Nos diálogos que surgiram em nossas imersões, diversos relatos pessoais relacionados à temática do trabalho espontaneamente surgiram, o que contribuiu para o estreitamento de laços entre a equipe e para a aproximação de cada uma com as personagens que assumiriam. Essas conversas também permitiram uma melhor compreensão das semelhanças e diferenças entre as experiências vividas por cada uma das participantes, ficou muito claro para todas o quanto raça e classe são determinantes na forma como o machismo afeta a vida cotidiana. Duas falas em especial me chamaram atenção: “Na verdade eu não era obrigada a fazer isso”, a partir de um relato sobre tarefas domésticas, e “Acho que entendi porque eu participei das vídeo-conferências e minha gerente não”, dentro de

um diálogo sobre interseccionalidade de gênero e raça. Acredito que essas duas colocações, conclusões alcançadas dentro de nossos encontros, ilustram bem o aprendizado possibilitado pelos nossos diálogos. Enquanto propositora do projeto, esse compartilhamento e aprendizagem entre mulheres já me satisfez muito, antes mesmo do trabalho ser finalizado.

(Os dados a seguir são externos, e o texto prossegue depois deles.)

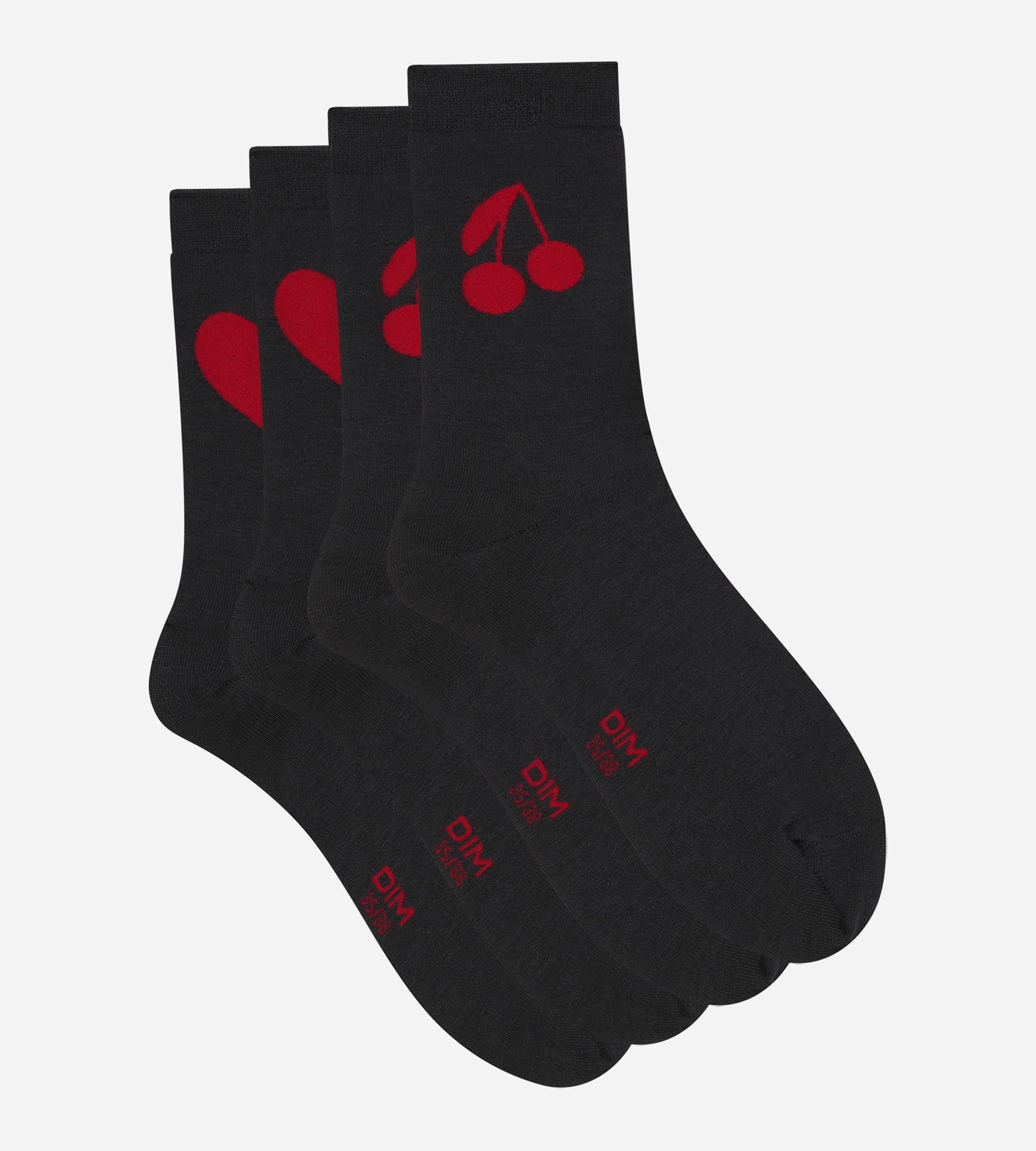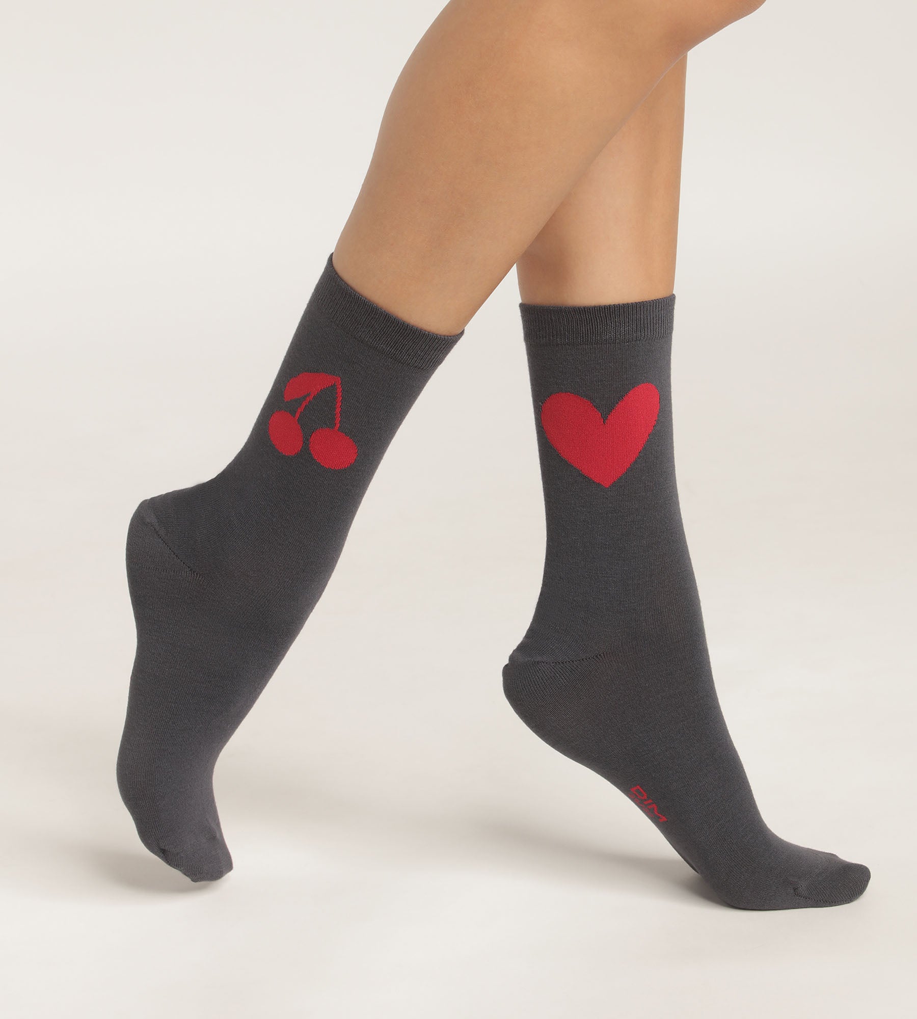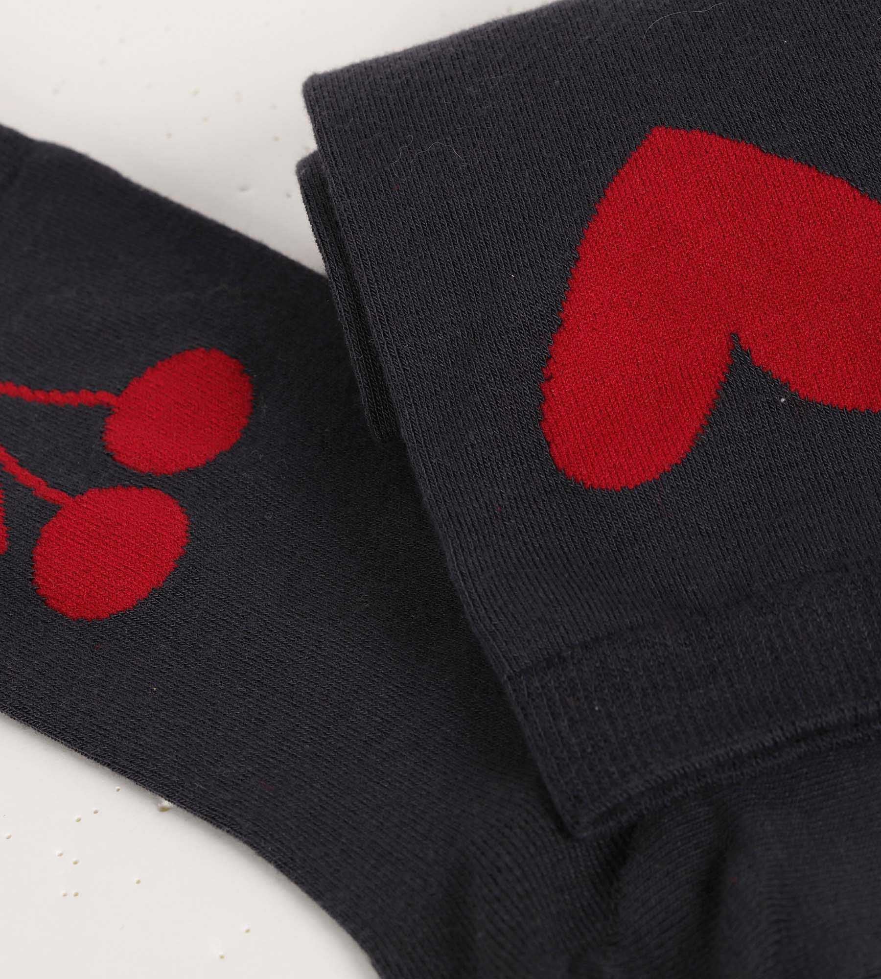 Pacco da 2 calze da donna grigio scuro con cuore e ciliegia Dim Bamboo
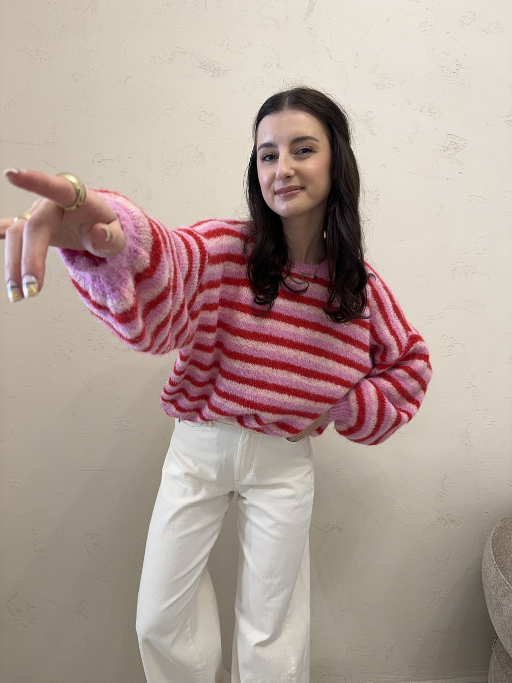 Miękki, puszysty sweterek w paski, który od razu przyciąga wzrok i dodaje stylizacji charakteru. Balonowe rękawy zakończone ściągaczem pięknie budują objętość i nadają mu modowy twist. Dół swetra jest wykończony w ten sam sposób co rękawy, dzięki czemu całość wygląda spójnie i bardzo estetycznie. Sweter świetnie układa się zarówno luźno puszczony, jak i lekko wpuszczony w spodnie. To idealny wybór, jeśli chcesz wyglądać efektownie, ale czuć się maksymalnie komfortowo.

Ao entrar em contato com o espectador, Noxaí quer instigar o pensamento. Que comunidade é essa? Quem são essas mulheres? Isso existe mesmo? Se não existe, o que significa? Noxaí justapõe o real e o imaginário de forma complementar, com o propósito de aprofundar reflexões a respeito da construção do papel desempenhado pela mulher e as dificuldades que ela encontra vivendo nessa sociedade que a sobrecarrega. A ideia é que o observador ou observadora indague-se sobre sua responsabilidade nessa construção social e sobre suas atitudes a fim de tornar a sociedade mais igualitária. Que o olhar provoque uma reflexão individual perante as imagens apresentadas. E assim, seja esse projeto um fomento à discussão do tema abordado.

Referências

BEAUVIOR, Simone de. O segundo sexo 2 — A experiência vivida. 2. ed. Rio de Janeiro: Nova Fronteira, 1949.